Your spirit has been broken but joy comes in the morning.
I have been given the opportunity twice in life to speak with someone who I had dated seriously and then the relationship ended.
Both times, I had concerns around continuing the relationship because I didn’t believe that the path we were traveling down together was going to be good for us both without some compromise.
My last one ended some time before I met my current and even though I was the dumped, I think it was more of a wake up attempt on their part rather than an actual breakup. I didn’t see it that way until long after the fact. I think it’s because I have never have responded well to such moves and they don’t register very well with me.
This was a perfect example of how a breakdown in communication caused a loss of something special.
It’s an example of why we are to be clear on what we say and how we say it. No games, no inferred ideas but rather clear lines of communication where you speak your mind are essential.
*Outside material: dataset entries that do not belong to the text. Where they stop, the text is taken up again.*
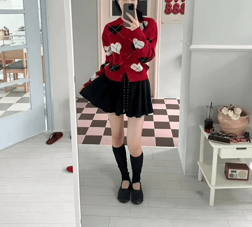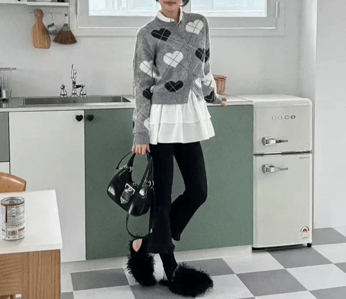 特點:滿版愛心菱格紋/柔軟親膚針織/版型略寬好搭配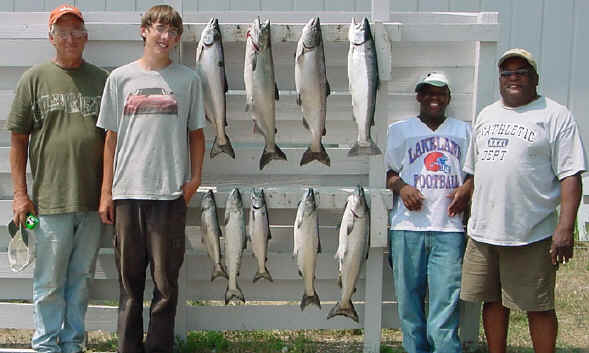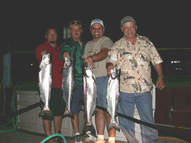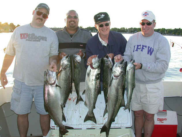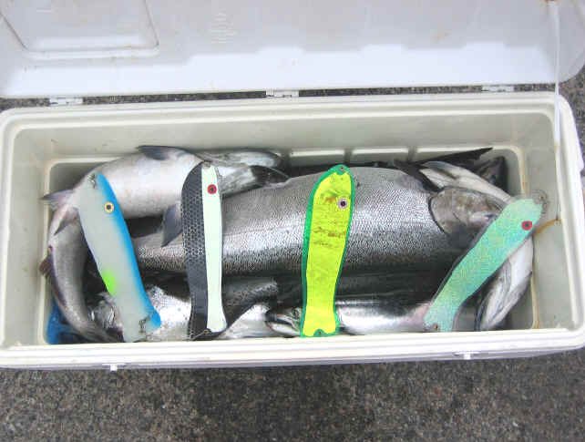 The fish were on a tear! The Kings were all over the darker colors and some colors I would never have guessed. It was black gold and black red, which may have something to do with them being so high in water column. We ended the day at noon as another storm with rain and 60 mph wind chased us off the lake. We had 11 Kings with 6 being 4 year olds, and 4 nice coho. After a mediocre June, July is off to a huge start".........Capt.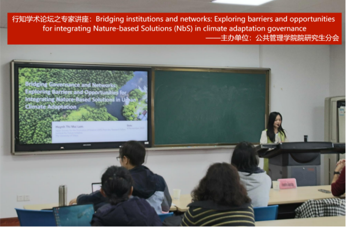 随后,Lam Thi Mai Huyn 博士后带来 “Bridging institutions and networks: Exploring barriers and opportunities for integrating Nature-based Solutions (NbS) in climate adaptation governance”主题报告。她拥有东京大学可持续科学博士、硕士及英国利兹大学相关学士背景,学术经历丰富。

Exercising love when you do speak your mind is key, but not telling someone you care about something that they need to hear can be more damaging than hiding the truth”out of love” for that person.
I had several concerns that may have been easily addressed but not wanting to cause what I later realized was short term pain for them, really only made things worse.
Ultimately, albeit a little late I did try to address them though…I just received unresponsive action.
I suppose that if I had addressed my concerns sooner, I could have saved us both some real pain. It would have meant that they could still have been unresponsive but I would have understood the lack of willingness to change and we both could have moved on…if we do chose.